Plan to Modernise Hockenheim Unveiled
Baden-Wuerttemberg State Premier Erwin Teufel on Saturday unveiled a plan to modernise the Hockenheim track so it could remain the venue of the German Grand Prix.
Baden-Wuerttemberg State Premier Erwin Teufel on Saturday unveiled a plan to modernise the Hockenheim track so it could remain the venue of the German Grand Prix.
Teufel said he had informed Formula One supremo Bernie Ecclestone about a project to shorten the circuit from 6.8 to some four kilometres and improve its infrastructure for an estimated cost of 95 million marks ($44.92 million).
Ecclestone had told local officials that Hockenheim, contracted to hold the race until 2001, could not keep it after that unless it underwent a major facelift.

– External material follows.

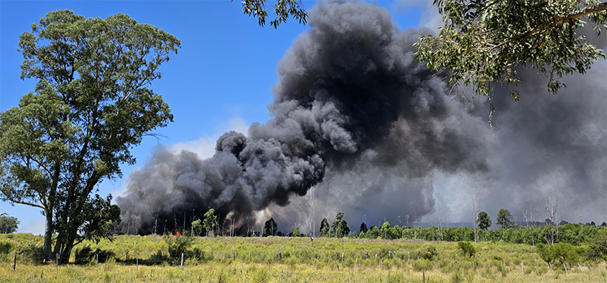 Según informaron desde el lugar del hecho, trabaja arduamente personal de bomberos voluntarios de San José, Villa Elisa, Colón, Villaguay y Concepción del Uruguay

Teufel's office said in a statement released on Saturday that Teufel and the State Premier of neighbouring Bavaria, Edmund Stoiber, would meet Ecclestone on Sunday at Hockenheim to discuss the future of the track.

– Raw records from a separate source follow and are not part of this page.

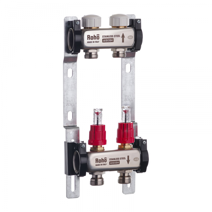 Коллектор с расходомером и термостатическими клапанами Roho R804-02 - 1"х 2 вых. (RO0034)
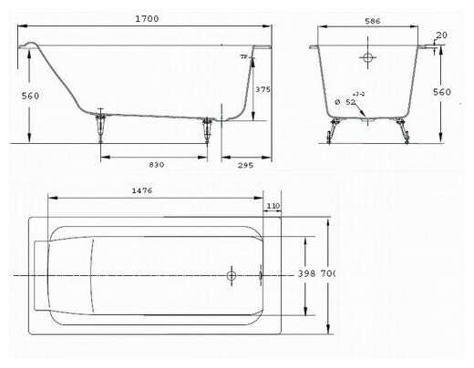 Чугунная ванна Jacob Delafon Parallel 1700х700 E2947-S-00
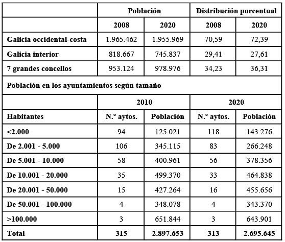 Es decir, Galicia se incorpora a la tendencia de las regiones y países más desarrollados en los que la población se concentra en las áreas urbanas ampliadas, subrayando, en consecuencia, un intenso proceso de urbanización (65,9 % en 1986 y 70,5 % en 2005, que supone un incremento del 4,51 %), aunque menos intenso que el registrado en España y en Europa (76,7 % y 76,2 % para 2005, respectivamente). Dichos desplazamientos de la población se asocian con índices de despoblación rural más intensos y con aumentos muy notables de los fenómenos de periurbanización. En el caso de Galicia, se produce con un importante retraso temporal, pues hay que recordar que el porcentaje de población urbana de España en 1950 ya era del 65,4 % y del 77,3 % en 1970. Y, en lo que se refiere a la concentración de la población, se dan dos fenómenos: a) la población asentada en municipios mayores de 10.000 habitantes aumenta del 67 % al 70,5 % en el periodo 2008-2020; y b) la población concentrada en las siete grandes ciudades pasa del 34,5 % en 2008 al 36,5 % en 2020.

Attached to the statement was a copy of Teufel's letter to Ecclestone detailing the project and saying Baden-Wuerttemberg would help finance it.
The southwestern circuit has hardly changed since it first staged the German Grand Prix 30 years ago and is under threat to lose the race to a brand new track outside Berlin due to be inaugurated next month, the Lausitzring.